(GIVEN RECORDS begins)
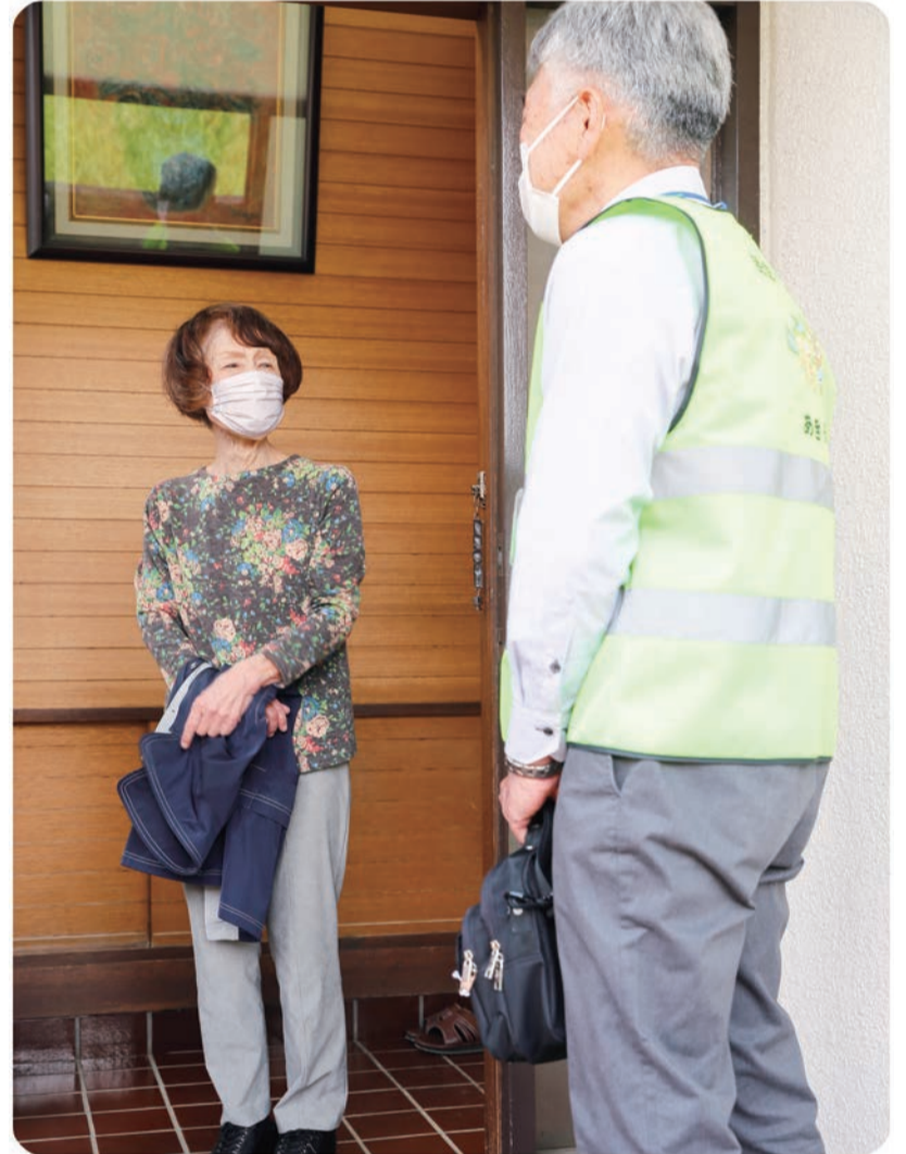
担当地区のご家庭を訪問する民生委員・児童委員(右)
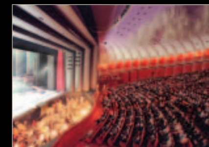
Teatro Regio Sala (Italy)
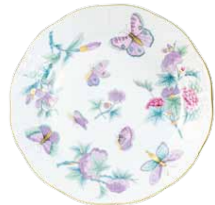
lapostányér 524-0-00 Email Victoria (EVICT2)
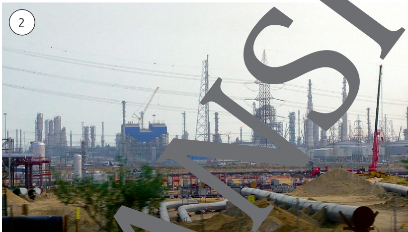
Erdölindustrie in der Wüste
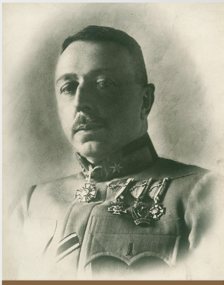
Obr. 6 Generálmajor Ladislaus Jony, 1915 (Čarnogurská a Szabó 2023)
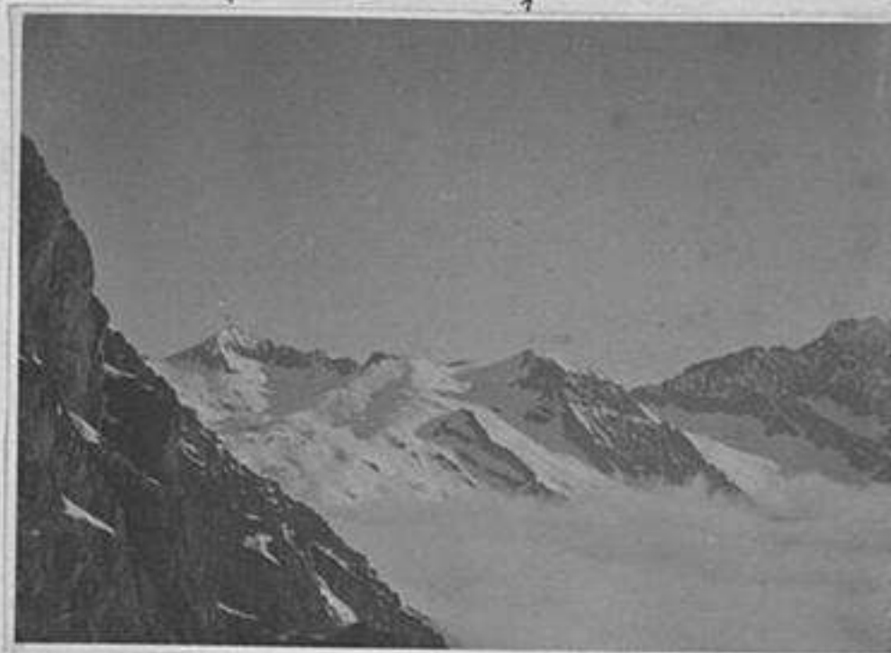
Vedretta del Pisgana Corvo Bedole Cima Bianchi
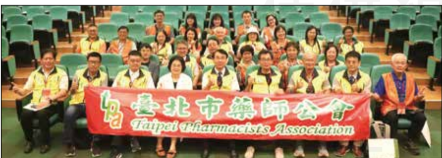
↑臺北市藥師公會安排科達製藥廠交流活動。
(GIVEN RECORDS ends)
_PROBLEM REQUIREMENTS_:
The answer should be the records above, unchanged, with the pictures omitted.

_PROBLEM SOLUTION_:
担当地区のご家庭を訪問する民生委員・児童委員(右)
Teatro Regio Sala (Italy)
lapostányér 524-0-00 Email Victoria (EVICT2)
Erdölindustrie in der Wüste
Obr. 6 Generálmajor Ladislaus Jony, 1915 (Čarnogurská a Szabó 2023)
Vedretta del Pisgana Corvo Bedole Cima Bianchi
↑臺北市藥師公會安排科達製藥廠交流活動。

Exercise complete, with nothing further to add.